> [WHAT TO WORK ON]:
Look through the records below for the line holding "16初,劉總奏分所屬為三道:以幽、涿、營". Write it out exactly, with each following line through the line holding "zrcadlem a WC".

> [DATA FOR THE TASK]:
=== Section Start ===

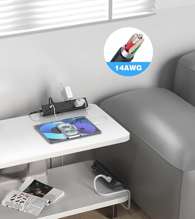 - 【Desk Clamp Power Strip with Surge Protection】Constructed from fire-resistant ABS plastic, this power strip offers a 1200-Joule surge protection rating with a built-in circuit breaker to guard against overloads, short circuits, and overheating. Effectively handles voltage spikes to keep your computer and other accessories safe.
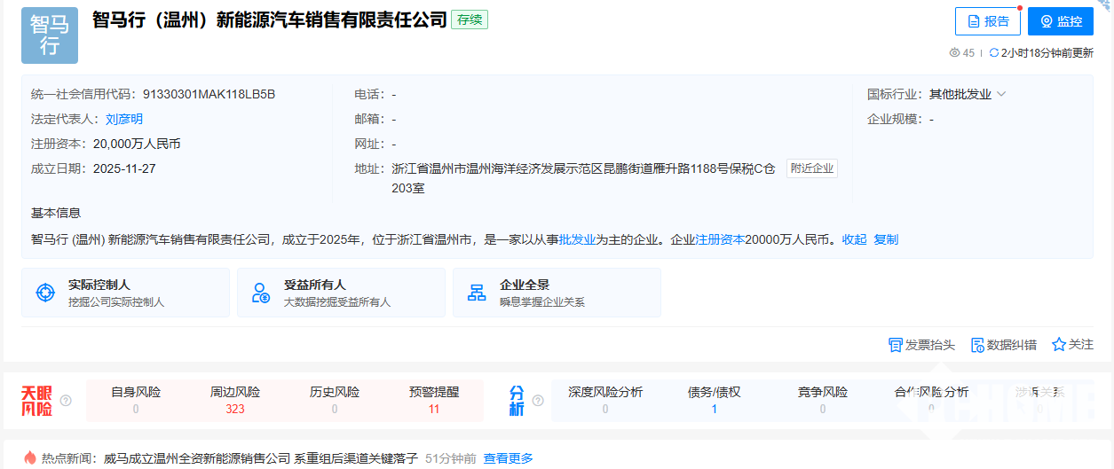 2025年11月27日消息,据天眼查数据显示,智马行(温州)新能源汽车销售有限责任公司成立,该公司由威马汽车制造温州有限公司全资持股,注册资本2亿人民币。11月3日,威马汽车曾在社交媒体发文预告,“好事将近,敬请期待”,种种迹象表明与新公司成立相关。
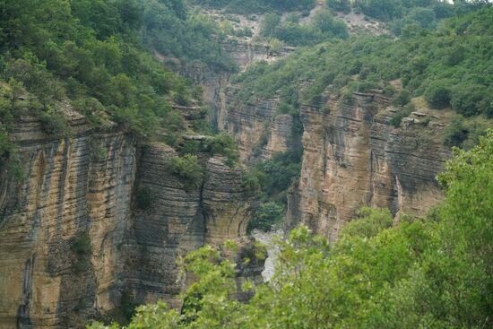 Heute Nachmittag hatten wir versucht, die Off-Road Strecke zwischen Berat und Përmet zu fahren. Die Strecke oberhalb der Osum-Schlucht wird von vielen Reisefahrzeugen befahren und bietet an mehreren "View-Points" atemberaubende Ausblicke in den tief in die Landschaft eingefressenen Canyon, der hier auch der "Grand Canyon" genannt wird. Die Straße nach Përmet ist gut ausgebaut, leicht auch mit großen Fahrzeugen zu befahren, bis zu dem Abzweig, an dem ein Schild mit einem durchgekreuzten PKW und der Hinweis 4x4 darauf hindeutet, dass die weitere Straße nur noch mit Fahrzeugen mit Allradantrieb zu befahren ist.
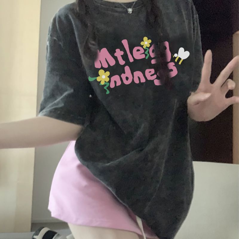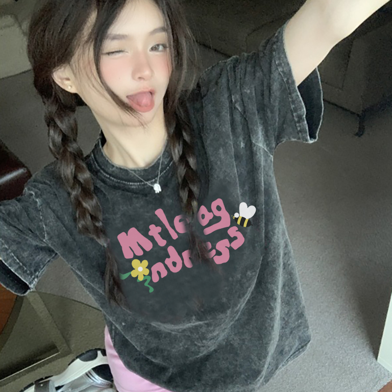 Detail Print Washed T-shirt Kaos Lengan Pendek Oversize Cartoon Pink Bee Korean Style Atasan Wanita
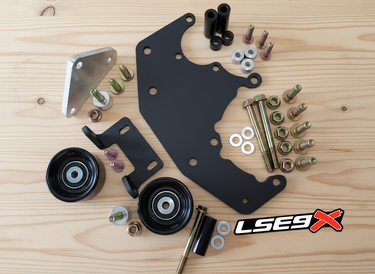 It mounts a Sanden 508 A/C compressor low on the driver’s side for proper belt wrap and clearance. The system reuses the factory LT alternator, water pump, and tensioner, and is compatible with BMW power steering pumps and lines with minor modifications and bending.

=== Section End ===
=== Section Start ===

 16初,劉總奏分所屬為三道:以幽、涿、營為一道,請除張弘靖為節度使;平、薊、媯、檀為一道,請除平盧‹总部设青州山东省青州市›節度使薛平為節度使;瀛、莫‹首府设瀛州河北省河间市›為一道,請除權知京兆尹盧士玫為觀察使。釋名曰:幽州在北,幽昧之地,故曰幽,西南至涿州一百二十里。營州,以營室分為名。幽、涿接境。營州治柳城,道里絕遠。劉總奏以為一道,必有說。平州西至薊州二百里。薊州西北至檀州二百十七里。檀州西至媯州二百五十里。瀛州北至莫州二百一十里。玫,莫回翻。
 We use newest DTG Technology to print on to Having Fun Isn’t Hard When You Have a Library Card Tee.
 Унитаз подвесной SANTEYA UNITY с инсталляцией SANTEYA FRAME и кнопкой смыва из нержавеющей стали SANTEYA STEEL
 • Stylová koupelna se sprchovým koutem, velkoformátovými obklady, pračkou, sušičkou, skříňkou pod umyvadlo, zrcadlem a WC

=== Section End ===

> [PROBLEM SOLUTION]:
 16初,劉總奏分所屬為三道:以幽、涿、營為一道,請除張弘靖為節度使;平、薊、媯、檀為一道,請除平盧‹总部设青州山东省青州市›節度使薛平為節度使;瀛、莫‹首府设瀛州河北省河间市›為一道,請除權知京兆尹盧士玫為觀察使。釋名曰:幽州在北,幽昧之地,故曰幽,西南至涿州一百二十里。營州,以營室分為名。幽、涿接境。營州治柳城,道里絕遠。劉總奏以為一道,必有說。平州西至薊州二百里。薊州西北至檀州二百十七里。檀州西至媯州二百五十里。瀛州北至莫州二百一十里。玫,莫回翻。
 We use newest DTG Technology to print on to Having Fun Isn’t Hard When You Have a Library Card Tee.
 Унитаз подвесной SANTEYA UNITY с инсталляцией SANTEYA FRAME и кнопкой смыва из нержавеющей стали SANTEYA STEEL
 • Stylová koupelna se sprchovým koutem, velkoformátovými obklady, pračkou, sušičkou, skříňkou pod umyvadlo, zrcadlem a WC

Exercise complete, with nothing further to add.